From: Ben Widawsky <ben.widawsky@intel.com>
To: David Hildenbrand <david@redhat.com>
Cc: linux-mm <linux-mm@kvack.org>,
Andrew Morton <akpm@linux-foundation.org>,
"Scargall, Steve" <steve.scargall@intel.com>,
Dan Williams <dan.j.williams@intel.com>,
Vishal Verma <vishal.l.verma@intel.com>
Subject: Re: [PATCH] mm: Fix false softlockup during pfn range removal
Date: Mon, 22 Jun 2020 09:25:27 -0700 [thread overview]
Message-ID: <20200622162527.bo765xhid563u6vp@intel.com> (raw)

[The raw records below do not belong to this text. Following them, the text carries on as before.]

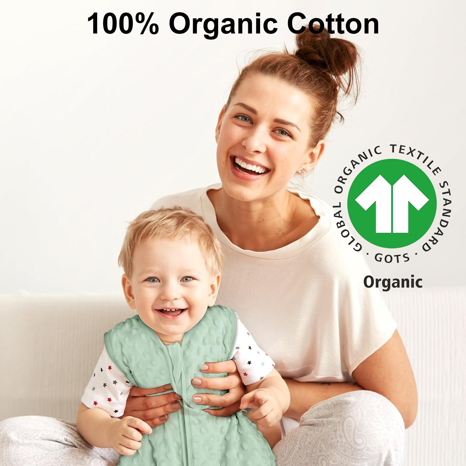 Healthy development - It's plush heart dots surface helps baby fall back to sleep quickly, transform the sleep sacks into an invaluable ally for moms, aiding in lulling their precious ones to sleep while fostering infants'cognitive development. Our baby sleeping sack provides ample room for kicking freely, ensuring your baby stays comfortable throughout the night while promoting healthy hip development.
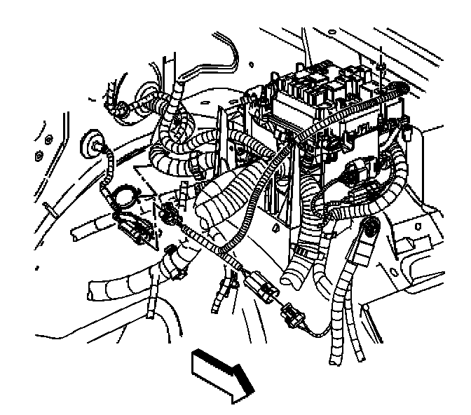 9. Remove the engine wiring harness ground/negative cable bolt.
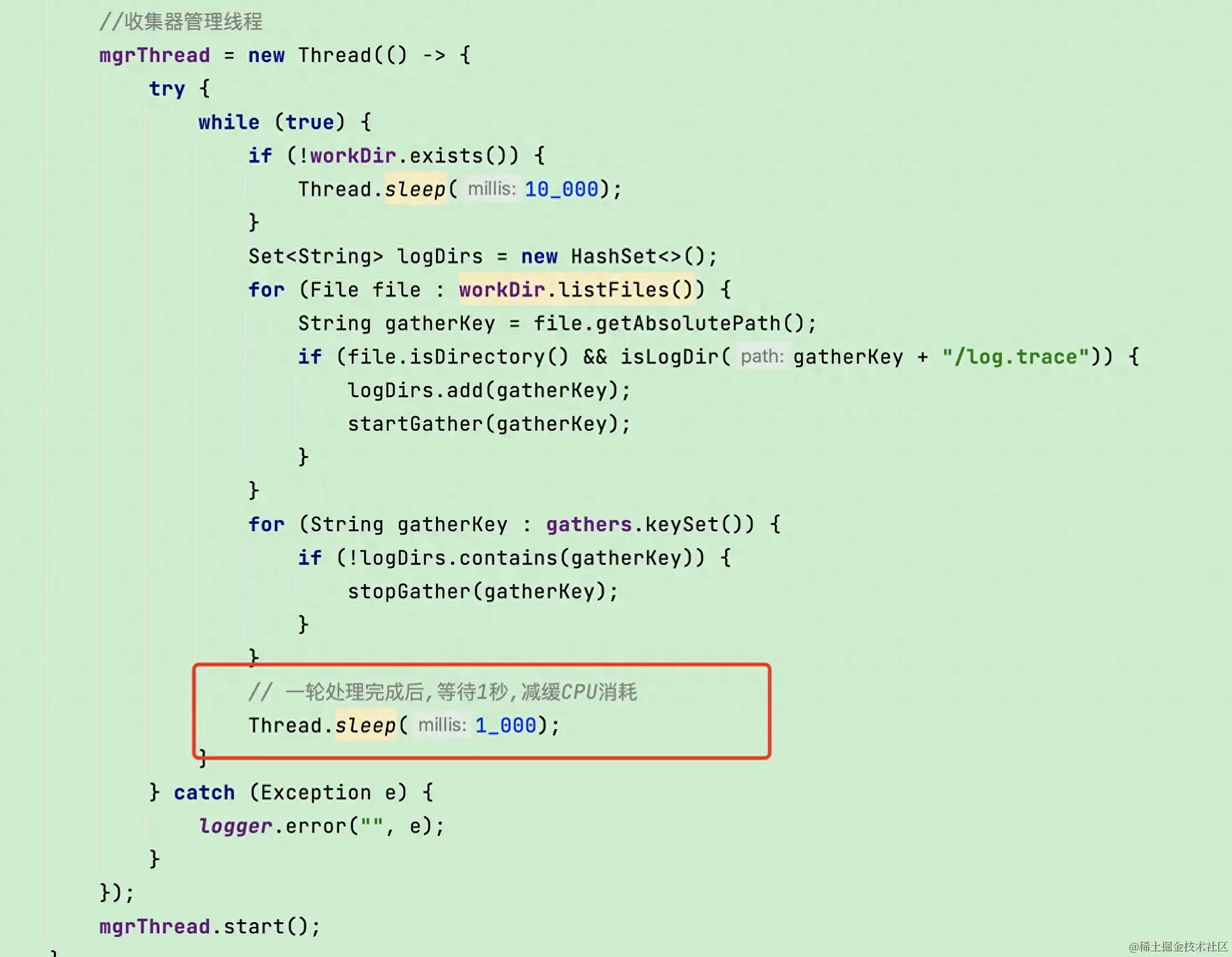 最后发现此处代码是一个死循环,一直在监测日志文件状态,并且无等待
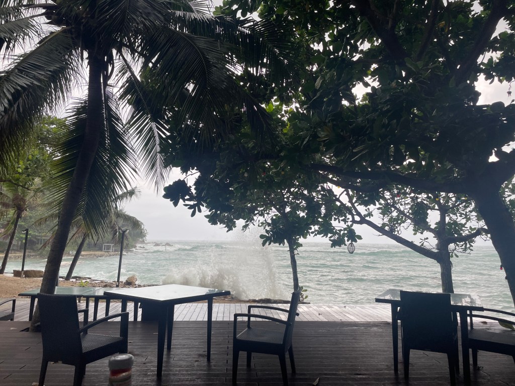 Der Sturm ist da. Morgens beim Frühstück krachen die Wellen schon gegen die Brandung. Jeder Tourist, der vorbei kommt muss das erstmal auf seinem Handy festhalten. Die eine Mitarbeiterin aus dem Restaurant meint, dass das jetzt nicht so üblich für diese Jahreszeit ist.

In-Reply-To: <f6677b9d-98c4-b959-1c03-6bdf4d81b71c@redhat.com>
On 20-06-22 09:16:20, David Hildenbrand wrote:
> On 20.06.20 01:12, Ben Widawsky wrote:
> > When working with very large nodes, poisoning the struct pages (for
> > which there will be very many) can take a very long time. If the system
> > is using voluntary preemptions, the software watchdog will not be able
> > to detect forward progress. This patch addresses this issue by offering
> > to give up time like __remove_pages() does. This behavior was
> > introduced in v5.6 with:
> > commit d33695b16a9f ("mm/memory_hotplug: poison memmap in remove_pfn_range_from_zone()")
>
> We try to stay <= 72 chars in the commit message (except for kernel splats).
>
Thanks. checkpatch does complain fwiw, I just somehow missed i.
> >
> > Alternately, init_page_poison could do this cond_resched(), but it seems
> > to me that the caller of init_page_poison() is what actually knows
> > whether or not it should relax its own priority.
> >
> > Based on Dan's notes, I think this is perfectly safe:
> > commit f931ab479dd2 ("mm: fix devm_memremap_pages crash, use mem_hotplug_{begin, done}")
>
> We shouldn't be holding any spin locks, so it's safe. (we could think
> about doing this outside of the memory hotplug lock in the case of
> devmem, however, it's only a debugging feature so we most probably don't
> care).
>
> >
> > Aside from fixing the lockup, it is also a friendlier thing to do on
> > lower core systems that might wipe out large chunks of hotplug memory
> > (probably not a very common case).
>
> It really only is an issue for devmem. Ordinary hotplugged system memory
> is not affected (onlined/offlined in memory block granularity).
Could you explain this a bit? I was fixing the issue found on PMEM systems, but
it seems like regularly memory hotplug was potentially a victim. I think one of
the reasons PMEM might be more likely is the time it takes to work with any data
structures store in the PMEM itself is slower (just a guess).
>
> >
> > Fixes this kind of splat:
> > [ 352.142079] watchdog: BUG: soft lockup - CPU#46 stuck for 22s! [daxctl:9922]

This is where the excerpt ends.